Segment Start: Available data

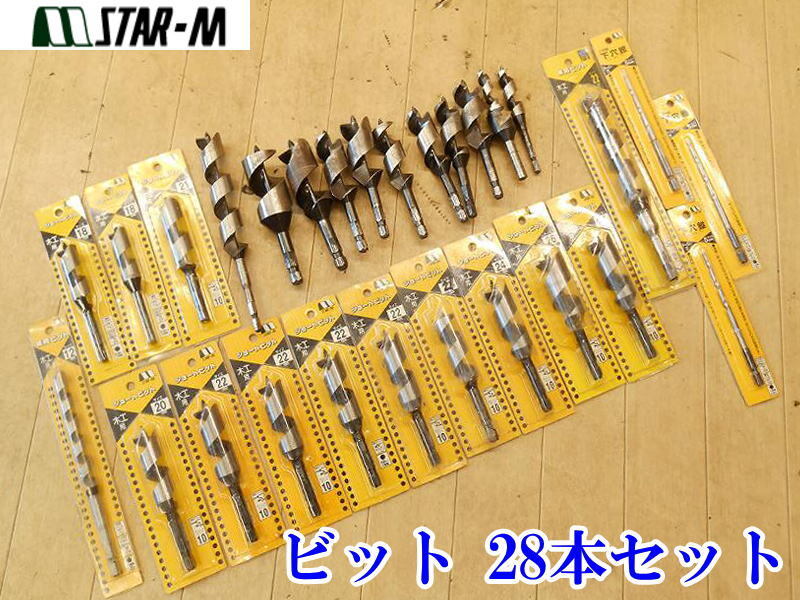 > 〇 STAR-M スターエム ショートビット 28本セット 木工用 12/18/20/21/22/24/26mm 下穴錐 5mm 兼用ビット 六角錐 ドリル インパクト 穿孔
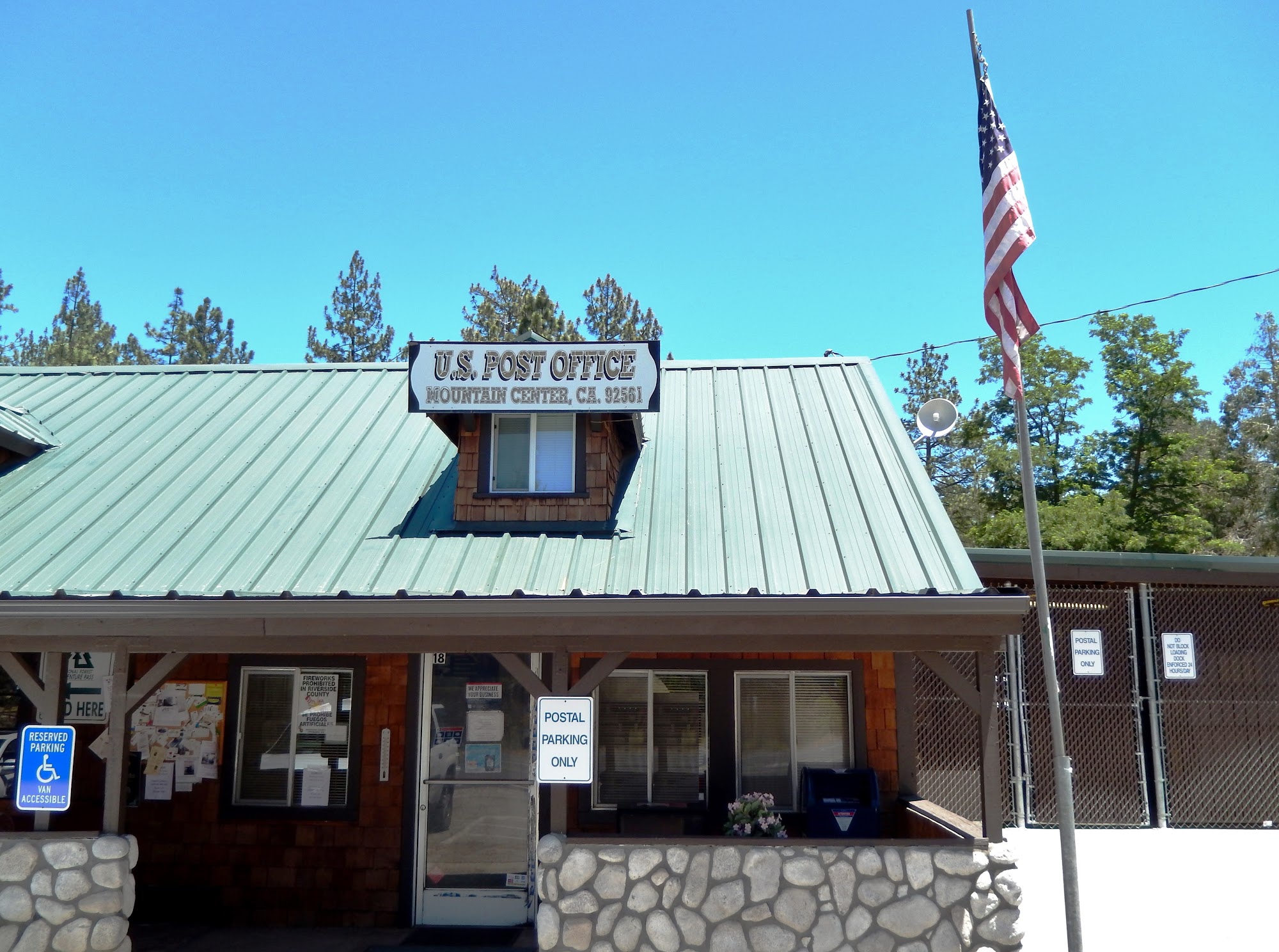 Small, local office, full service, home delivery, po boxes, good service, rarely a line , central location, free parking, next to a restaurant, cool feed &gift store, gas station market, and a mountain stream surrounded by wildlife!!
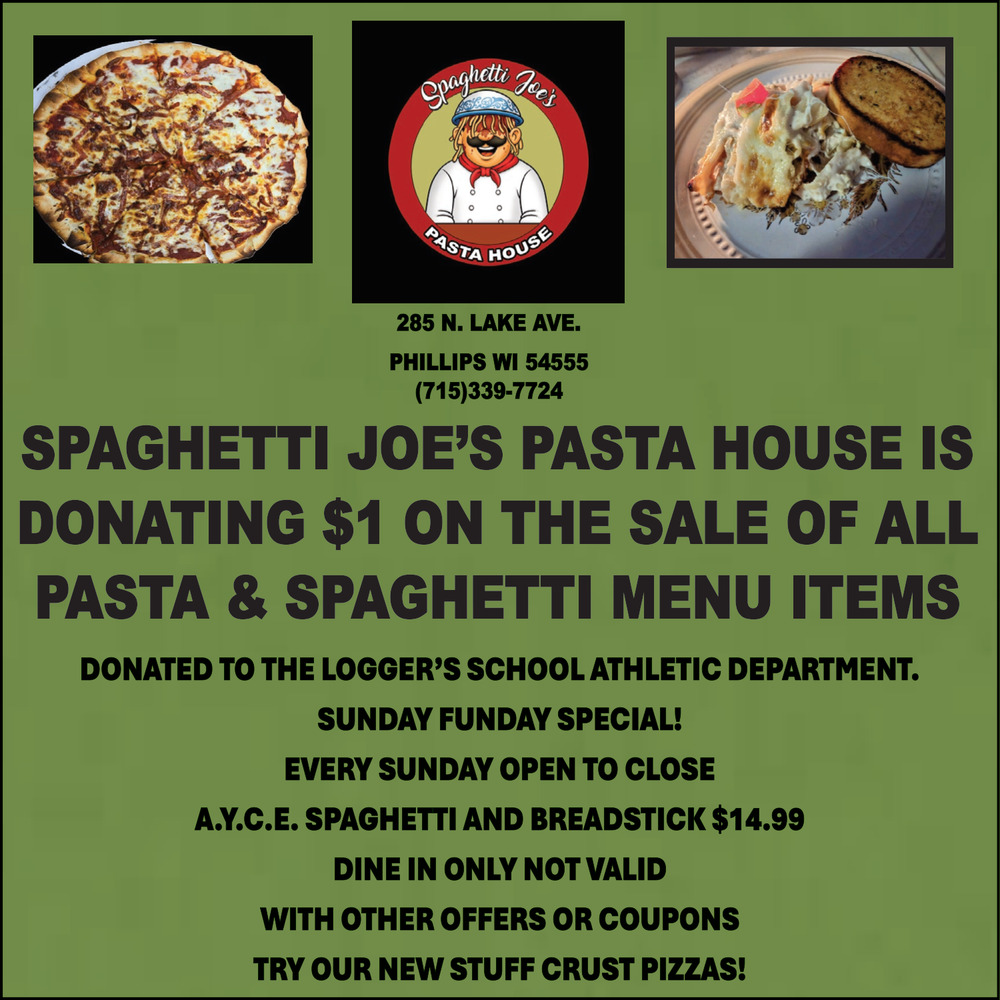 Ads for Spaghetti Joe's in NORTHWESTERN WISCONSIN

Segment End: Available data

• [Assignment]
Write out each line again, exactly as it appears above, except for any picture.

• [Answer section]
 > 〇 STAR-M スターエム ショートビット 28本セット 木工用 12/18/20/21/22/24/26mm 下穴錐 5mm 兼用ビット 六角錐 ドリル インパクト 穿孔
 Small, local office, full service, home delivery, po boxes, good service, rarely a line , central location, free parking, next to a restaurant, cool feed &gift store, gas station market, and a mountain stream surrounded by wildlife!!
 Ads for Spaghetti Joe's in NORTHWESTERN WISCONSIN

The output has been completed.